А потом начали шить шпионаж в пользу Польши. И прицепили к нему дядьку Автуха, что жил на хуторе за деревней и не вступал в колхоз. А он с тем Автухом и разговаривал всего один раз прошлым летом, когда приезжал из Минска к больному отцу. Пришел тогда попросить лошадь, чтобы съездить к доктору. Но дядька Автух лошадь не дал, сказал, чтобы взял в колхозе, а ему надо успеть свезти сено, пока не начался дождь. И говорили-то всего пять минут. И вот теперь за эти минуты — расплата. Оба — к высшей мере.

— Ну чего вам не сидится? Все крутитесь, как на сковороде, — послышался недовольный голос в темноте.

— Хоть бы выглянуть где. Тут же деревня моя — Зеленый Луг, — ответил тот, что крутился.

— Ты же городской, говорил, — отозвался от дверей Сурвило. — Показывал на допросе: из Комаровки.

— То жил я на Комаровке. Когда на железке работал. А родился в Зеленом… Да.

— Вот — выясняется! — сказал Сурвило. — А то все — рабочий, железнодорожник. Путаете что-то, Шостак.

— Ничего не путаю. Происхождением из деревни. Но рабочий. Это надо взять во внимание! И партийный!

— Был, — коротко объявил Сурвило.

Реплика бывшего чекиста затронула больную струну в раненой душе рабочего Шостака, заговорившего как о чем-то недосказанном и больном.

— Был и остаюсь. Уже не откажусь, не такой. Перед партией я чистый.

Машину сильно подбросило на какой-то колдобине, поэт Феликс Гром даже вскрикнул от боли внутри. Кто-то впереди в темноте выругался:

— Падлы! И перед концом не могут по-людски! В бога-душу их мать!

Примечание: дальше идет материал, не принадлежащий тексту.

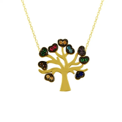 Altın Kolye Modelleri modellerinden Renkli Kalpten Oluşan Ağaç Altın Kolye ürünümüz,
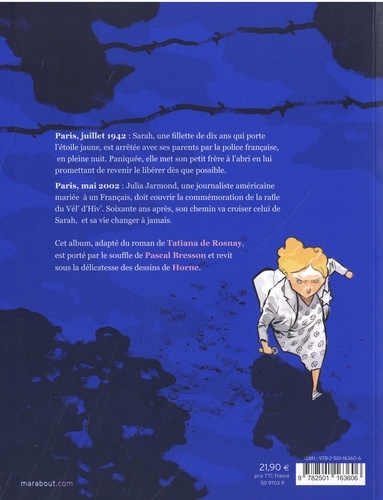 Deux histoires se déroulent en parallèle : celle de Julia américaine qui vit à Paris, en 2000, avec son mari Bertrand et sa fille Zoë et celle de Sarah déportée avec son père et sa mère, en 194, 2 lors de la rafle du Vel' D'Hiv'. Les deux récits se rejoignent malgré les années qui les séparent. Paris, juillet 1942 : Sarah, une fillette de dix ans qui porte l'étoile jaune, est arrêtée avec ses parents par la police française, au milieu de la nuit. Paniquée, elle met son petit frère à l'abri en lui promettant de revenir le libérer dès que possible. Paris, mai 2002 : Julia Jarmond, une journaliste américaine mariée à un Français, doit couvrir la commémoration de la rafle du Vél d'Hiv. Soixante ans après, son chemin va croiser celui de Sarah, et sa vie va changer à jamais. Elle s'appelait Sarah, est l'histoire de deux familles que lie un terrible secret, c'est aussi l'évocation d'une des pages les plus sombres de l'Occupation. Le roman de Tatiana de Rosnay est porté par le souffle de Pascal Bresson et revit sous la délicatesse des dessins de Horne.
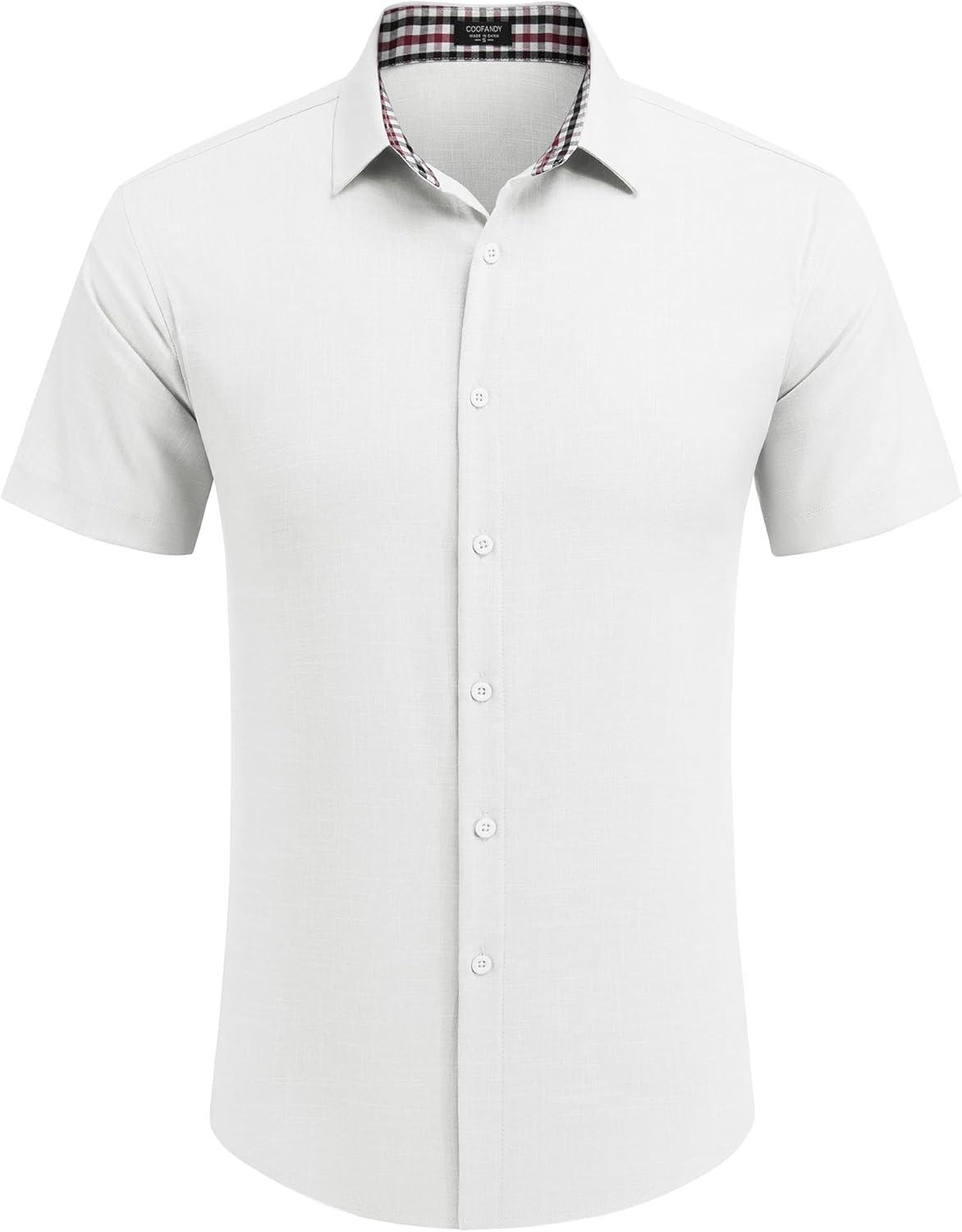 COOFANDY Men Summer Beach Shirts Short Sleeve Linen Button Down Shirt Business Casual Shirt

— А потише нельзя? — со злостью упрекнул Сурвило.

— А что потише? Тише-тише! Да пошли вы…

— Ты кто? Как фамилия?

— А тебе что? Ты следователь?

— А хотя бы и так.

— Ну, Зайковский. Если следователь, то, наверно, записано в вашем сраном приговоре. Такую их мать!.. Да не наваливайся ты так, буржуйский чмырь! — вызверился он на кого-то в темноте. — У меня вот рука сломана…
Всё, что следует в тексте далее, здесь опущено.